# [Recorded information]
=====

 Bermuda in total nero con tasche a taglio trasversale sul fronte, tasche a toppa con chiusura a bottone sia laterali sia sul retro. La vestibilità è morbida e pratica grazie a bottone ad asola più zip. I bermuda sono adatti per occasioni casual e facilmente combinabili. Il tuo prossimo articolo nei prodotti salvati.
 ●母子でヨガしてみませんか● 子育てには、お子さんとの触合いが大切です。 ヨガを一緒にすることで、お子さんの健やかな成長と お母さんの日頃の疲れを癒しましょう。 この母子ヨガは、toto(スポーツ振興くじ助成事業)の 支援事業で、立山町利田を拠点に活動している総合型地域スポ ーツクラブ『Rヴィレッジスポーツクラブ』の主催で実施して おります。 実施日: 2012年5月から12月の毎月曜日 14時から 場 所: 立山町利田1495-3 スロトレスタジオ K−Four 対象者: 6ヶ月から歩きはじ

=====

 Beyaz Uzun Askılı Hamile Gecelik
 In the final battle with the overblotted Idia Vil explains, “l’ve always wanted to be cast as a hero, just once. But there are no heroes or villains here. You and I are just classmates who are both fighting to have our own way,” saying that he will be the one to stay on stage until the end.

=====

# [Work to complete]
Going down the listing above, begin printing at the line with "Bermuda in total" and finish with the line with "K−Four 対象者: 6ヶ月から歩きはじ", exactly as they appear.

# [Written solution]
 Bermuda in total nero con tasche a taglio trasversale sul fronte, tasche a toppa con chiusura a bottone sia laterali sia sul retro. La vestibilità è morbida e pratica grazie a bottone ad asola più zip. I bermuda sono adatti per occasioni casual e facilmente combinabili. Il tuo prossimo articolo nei prodotti salvati.
 ●母子でヨガしてみませんか● 子育てには、お子さんとの触合いが大切です。 ヨガを一緒にすることで、お子さんの健やかな成長と お母さんの日頃の疲れを癒しましょう。 この母子ヨガは、toto(スポーツ振興くじ助成事業)の 支援事業で、立山町利田を拠点に活動している総合型地域スポ ーツクラブ『Rヴィレッジスポーツクラブ』の主催で実施して おります。 実施日: 2012年5月から12月の毎月曜日 14時から 場 所: 立山町利田1495-3 スロトレスタジオ K−Four 対象者: 6ヶ月から歩きはじ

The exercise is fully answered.